Candelario steps in as Raton's new mayor

Raton City Commission
With no fanfare or formal declaration, the title of Raton mayor has been passed to Chris Candelario.

Candelario, who has been mayor pro tem since March, when he ran unopposed for a commission seat after being appointed in January 2011 to fill a vacant seat, chaired Tuesday’s commission meeting as mayor for the first time. Candelario stepped into the role following the Oct. 10 resignation of mayor and commissioner Charles Starkovich.

Candelario and City Manager Pete Kampfer each said there are no specific city or state laws that specifically outline how to replace, in a commission-manager form of government such as Raton’s, a mayor who resigns, but city ordinance and state law have identical language that gets close to the matter. The laws say that during a mayor’s “absence,” the mayoral duties shall be performed by the mayor pro tem.

Candelario this week said there is “no protocol” to give the commission direction in selecting a new mayor under the circumstances other than for him to simply “move up.”

The commission selects a mayor from among its members every two years immediately after the municipal election that usually includes two or three commission seats on the ballot.
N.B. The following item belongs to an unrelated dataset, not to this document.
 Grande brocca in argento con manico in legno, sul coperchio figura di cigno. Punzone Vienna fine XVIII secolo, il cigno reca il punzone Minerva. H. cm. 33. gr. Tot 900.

State law does spell out how the commission is to fill the vacant commissioner seat that used to belong to Starkovich. The commission can appoint a registered Raton voter to complete the term, although it remains to be seen whether the commission will make any appointment before an ongoing recall petition process is completed.

Recall petitions were submitted to the city clerk in late September seeking a recall election for every commissioner. The clerk purged many signatures from the petitions because they did not meet the requirements of state law, she said, leaving the petitions short of the required number of valid signatures to trigger an election. The process now awaits the possible reinstating of signatures of anyone who provides sufficient evidence to the clerk to show that his or her signatures should not have been purged. On Tuesday, the commission took the formal step of accepting the results of the clerk’s examination of the petitions.

Tuesday’s commission agenda listed Candelario as mayor and included an item calling for the commission to appoint a new mayor pro tem. However, the commission tabled action on that matter because Commissioner Jimmy Fanelli was absent from the meeting.

Candelario’s current two-year commission term expires in March 2014. He previously served on the commission from March 1998 to March 2002.

Starkovich resigned in order to pursue an effort as a private citizen to try to change what he called the city’s “discriminatory” at-large voting system that he alleged leaves Hispanic and other minority voters without an adequate political voice in the local election process and underrepresented on the city commission.